For the most part, Beschi tries to keep behavior and structures consistent across the languages, but there are a few points of difference outlined on the various language pages. Notice in the example above, for instance, that in TypeScript you have to make a call to Math.fround if you want to do a straight comparison of float values because of how the underlying JavaScript engine treats all numbers as double-width floats. (Doing equality comparisons on floats is usually a bad idea, but in this instance we want to check that they are actually bitwise identical.) Similarly, see how the data members are upper-cased in Go to match that language's export conventions, and the byte reading function is part of the namespace because Go doesn't have static functions for data types. The goal is to make working across languages feel seamless, but there are some differences that we adapt to as much as possible.

There are more extensive examples in the test harnesses.

Future

Beschi makes code that I use "in production" on personal projects. It could probably stand to be better optimized, there are probably edge cases and bugs, etc. But for the most part, this is mature enough that I stopped thinking of it as a project in itself and now it's just a tool that I use.

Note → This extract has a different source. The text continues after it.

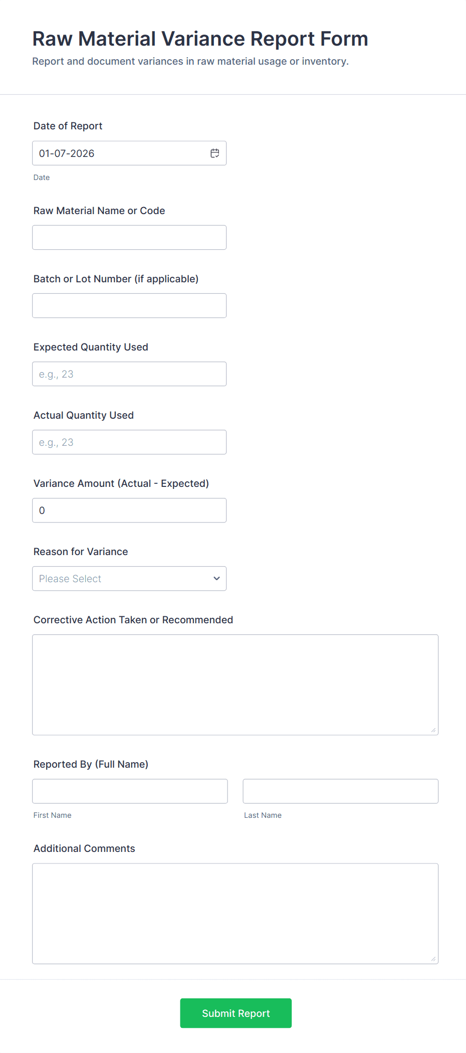 • Conditional Logic: Show or hide fields based on previous answers to streamline the reporting process.

I will admit that part of me wants to make new writers, but that's not likely to get done until I have a specific project motivating it. If someone loves this system, though, and really wants to see a generator for Haskell or Lua or whatever, go for it. The existing writers should be decent starting points — they aren't terribly clever (no AST or interesting data structures), just iterating over the protocol and writing out serialization/deserialization code.

Beschi?

Constanzo Giuseppe Beschi was an Italian Jesuit who worked in southern India during the early 18th century. He was noted as a talented linguist, able to tie concepts from multiple languages into a single form. At the same time, he was adept at the Jesuit principle of "inculturation," where foreign concepts are adapted for a new culture and the foreigner attempting the adaptation also respectfully adopts habits and ways of proceeding from the host culture.